[5 days] A full 5-days of everything scientists and engineers would want to know about using Python for solving scientific problems. Taught by special guest, Mike Müller, founder of the Python Academy and recent recipient of a PSF Community Service Award, this course gives an overview of important libraries commonly used for solving scientific and technical problems, techniques for connecting Python to existing code written in C, C++, or Fortran, and critical software engineering topics including testing and version control. You can also sign up for a shortened 3-day version of the course that focuses on using Python's scientific tools, but which doesn't covered related software engineering topics.

Major topics include:

• Numerical calculations with numpy
• Storage and processing of large-scale data
• Plotting and visualization of data with matplotlib
• Using Python's C-API
• Extension building with Cython, ctypes, Swig, and f2py
• Unit testing
• Version control with Mercurial
• Object oriented programming
• Application integration

About the Instructor

Mike Müller has been using Python since 1999 mainly for scientific software. He has been teaching Python courses since 2004 and is the founder and CEO of Python Academy, a training and consulting company specializing in Python.

He has taught thousands of students introductory and advanced Python topics. Since many of his students are scientists and engineers, he is very familiar with their needs. He has been continuously refining the course contents and teaching method for best learning results.

In addition, he regularly teaches tutorials at PyCon US and EuroSciPy. He is a member of the Python Software Foundation, main organizer and of the first two EuroSciPy conferences as well as chair of the first PyCon DE. He also serves at committees of scientific conferences.

Detailed Course Outline

The first three days of the course are focused on using Python's scientific tools and useful programming techniques.

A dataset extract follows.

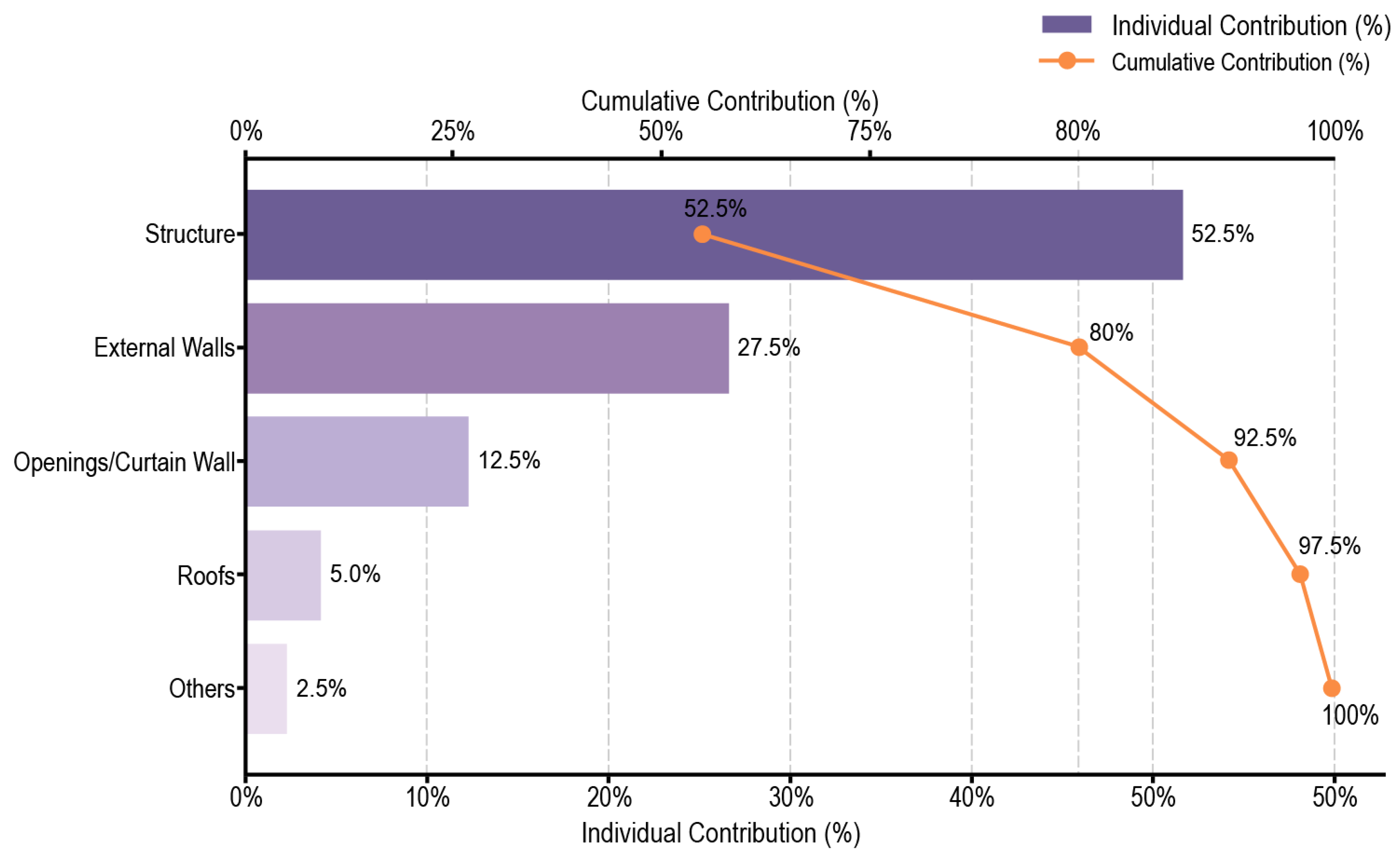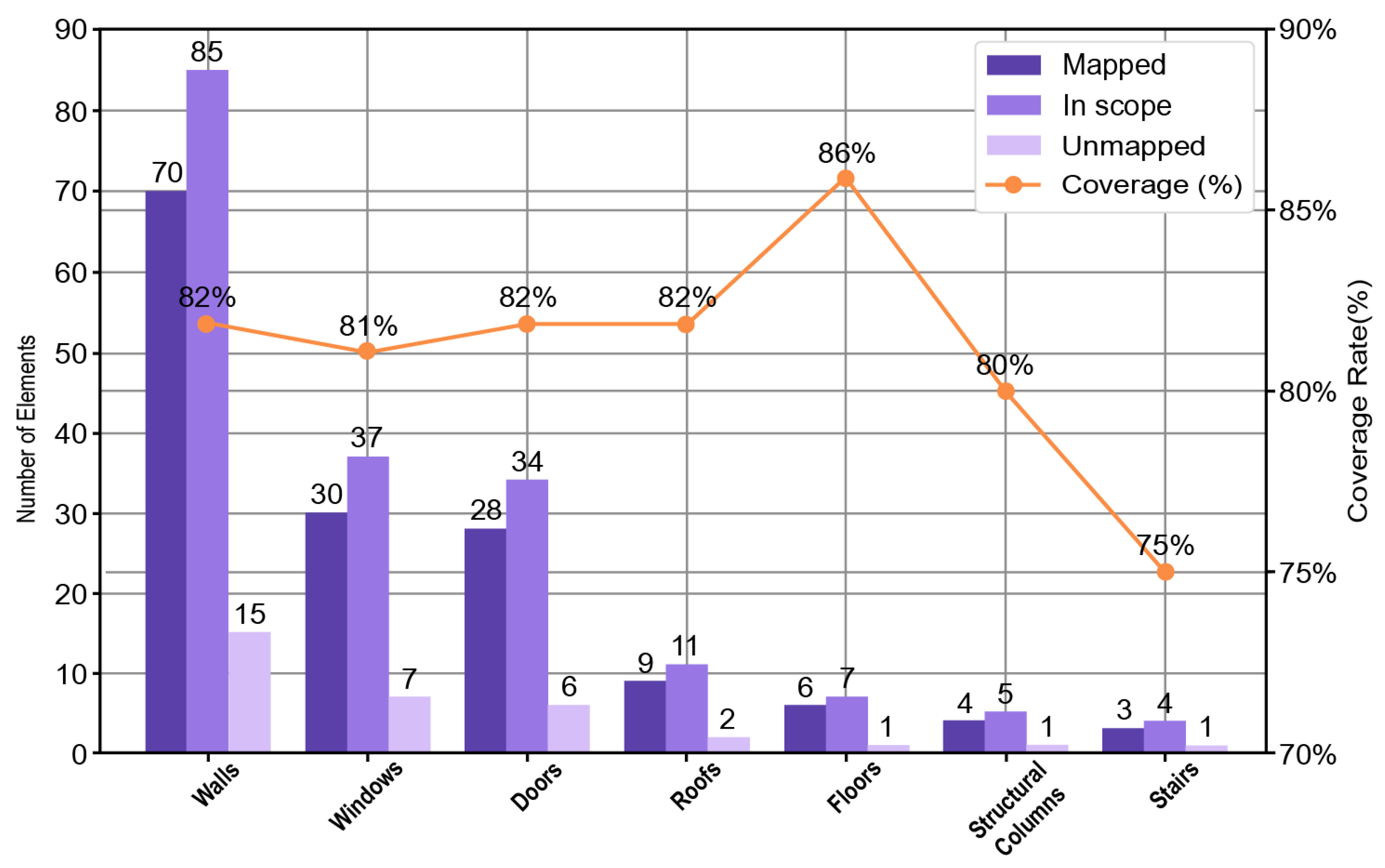 - Mapping coverage reaches approximately 82%. Most components complete the closed chain of “mapping–quantity retrieval–factor invocation”. Uncovered items are mainly linked to rule/template completeness, quantity-retrieval field availability, identification-field consistency, and factor-entry validity. This quantifies the current automation boundary and identifies knowledge-base constraints for subsequent completion and governance. The carbon weight of uncovered items is not quantified here; hotspot identification is therefore conditional on the mapped subset.

1. Overview of Scientific and Technical Libraries for Python. There are a great variety of Python libraries for scientific purposes. A short overview of important libraries is given along with examples.
2. Numerical Calculations with numpy. The numpy library is the defacto standard for working with arrays and performing linear algebra computations. This section focuses on important numpy issues including array construction, array properties, datatypes, slicing and broadcasting, universal functions, and numerical algebra computations.
3. Storage and Processing of Large Amounts of Data. Applications in scientific and engineering domains often have to deal with large amounts of data. In this section, techniques for dealing with commonly encountered data formats and data storage options are discussed. This includes column-oriented text files, Microsoft Excel, NetCDF, HDF5, relational databases, and data serialization with pickle.
4. Graphical Presentation of Scientific Data with matplotlib. The results of scientific and technical calculations regularly need to be presented graphically. This section introduces matplotlib, a library that allows scientists to produce publication-quality plots within Python using only a few lines of code.
5. Object Oriented Programming for Scientific and Technical Projects. The object-oriented paradigm is currently prevailing in software engineering. However, many scientist and engineers are more familiar with procedural programming. This section introduces important object oriented programming topics and uses examples to show that object orientation can be beneficial for many typical scientific or engineering problems.
6. Open Time for Problem Solving. Prior to the course, participants will be asked to about the common kinds of tasks that they usually need to solve at work. In this section, solution strategies with Python will be attempted and discussed.

The last two days of the course go into more depth on software engineering topics including interfacing with other languages, testing, and version control.

7. Extending Python with Other Languages. Python can be readily connected with other programming languages including C, C++, and Fortran. In this section, a computationally intensive example will first be written in Python and then re-implemented in other languages and exposed to Python using different integration techniques. These include direct use of the Python C-API, Cython, ctypes, Swig, and f2py. Note: This is a large class component in which students will be expected to work with a mix of Python, C, C++, and Fortran software.
8. Unit Testing. An introduction to unit testing for scientists and engineers. This section introduces important unit testing topics and describes how to use commonly used Python testing tools including the unittest and doctest modules, the py.test framework, and nose.
9. Version Control with Mercurial. Version control is a fundamental tool for software engineering. This section introduces Mercurial, a distributed version control system. You will create a small project under version control and learn how to work individually and in collaboration with others.

Course Materials

Students will receive a bound set of lecture notes along with a complete set of more than class exercises (distributed electronically).